Netflix ( NFLX 1.75% ) has a big challenge ahead of it. When Nov. 12 rolls around, Disney ( DIS 2.84% ) will launch Disney+, the most qualified "Netflix killer" the streaming video space has ever seen. Disney is building its new streaming brand on its established media properties, and Netflix is staring down the prospect of facing off against Star Wars and Marvel Studios armed with little more than the promise of future seasons of Stranger Things.

Netflix's content library will be larger than Disney+'s, but Netflix is undeniably short of big-time franchises. Netflix is clearly feeling the heat, and the company is responding by making major investments in content and other areas -- fueled by some big-time debt.

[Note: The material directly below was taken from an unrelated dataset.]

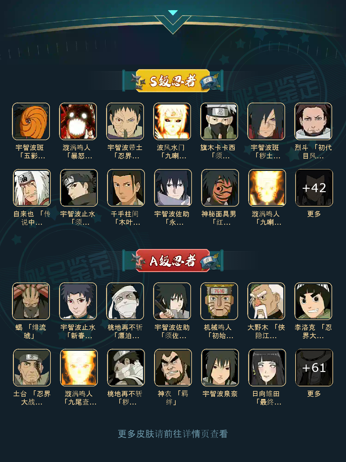 侠隐大野木🔥53S🔥九喇嘛水门🔥传说自来也🔥机械鸣人🔥烈斗🔥须佐卡卡西🔥永恒佐助

Coins fall through a businessman's hands.

Image source: Getty Images.

The name's bonds -- junk bonds

Netflix is raising $2 billion by selling junk-rated bonds. It hasn't said what the maturity date for the bonds will be. The goal is to raise money for all of the things Netflix wants to get moving on as Disney+ looms: content development, production, and acquisition. It's not clear exactly what proportion will be allocated to each of those various content-related goals.

It's abundantly clear that the timing here is no accident. Netflix might not have the deep pockets that other tech companies do -- when Apple decided to drop a billion dollars on original content and later re-upped for billions more, it just had to cut the proverbial checks -- but Netflix is intent on spending with the best of them.

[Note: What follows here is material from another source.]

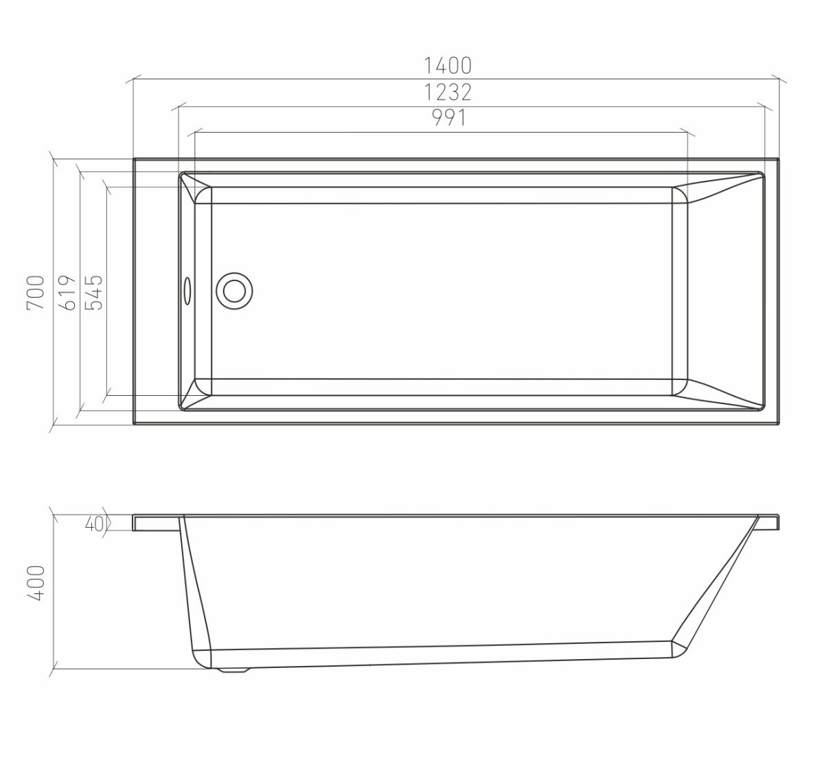 Параметры - 140 x 70 см, глубина - 40 см, объем до перелива - 150 л.

It's also important to note that Netflix is adding these fresh billions to a content budget that is already measured in billions annually. Netflix spent more than $12 billion on content in 2018, though that figure includes licensing deals for outside content in addition to the originals.

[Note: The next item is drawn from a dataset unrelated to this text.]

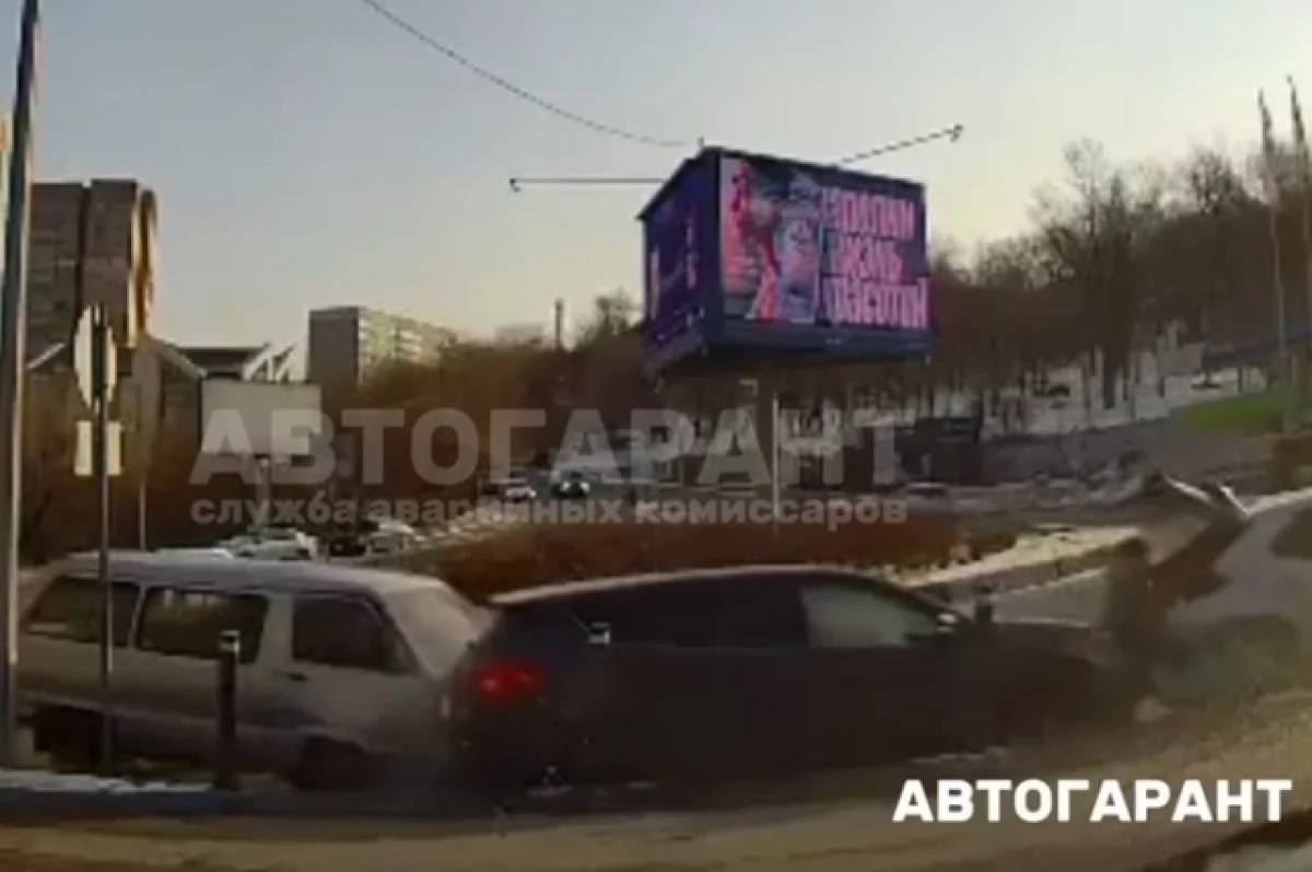 ДТП с участием трех автомобилей произошло на кольцевой развязке в районе дома 10а по улице Шилкинская во Владивостоке, пострадали люди.t

The streaming wars are content wars

The choice to take out debt to fund content production speaks to the importance of Netflix's in-house content production to its future as a streaming giant. Netflix has been making original content for years, but it still relies on a lot of licensed content. Disney+, meanwhile, is starting with the advantage of more than a hundred years' worth of Disney-owned content.

Disney+ will also be home to new original series, including ones that make use of Disney's valuable IP (intellectual property) -- The Mandalorian, for instance, will be based on the Star Wars universe. But the big appeal of Disney+, at least as of this writing, is the promise that it will be the "forever home" of every Star Wars movie, every Marvel Studios movie, every Pixar movie, and every animated Disney classic. Disney has an arsenal of content ready to go, and Netflix's few years' worth of originals don't measure up.

Like Apple -- and unlike the media companies creating their own services, which include Comcast, NBCUniversal, and AT&T's WarnerMedia -- Netflix needs to rely on investing big bucks in original content that will, it hopes, be the next Stranger Things or something like rival HBO's Game of Thrones. This sort of content would make the service popular for brand-new hits (despite its a relative lack of established classics).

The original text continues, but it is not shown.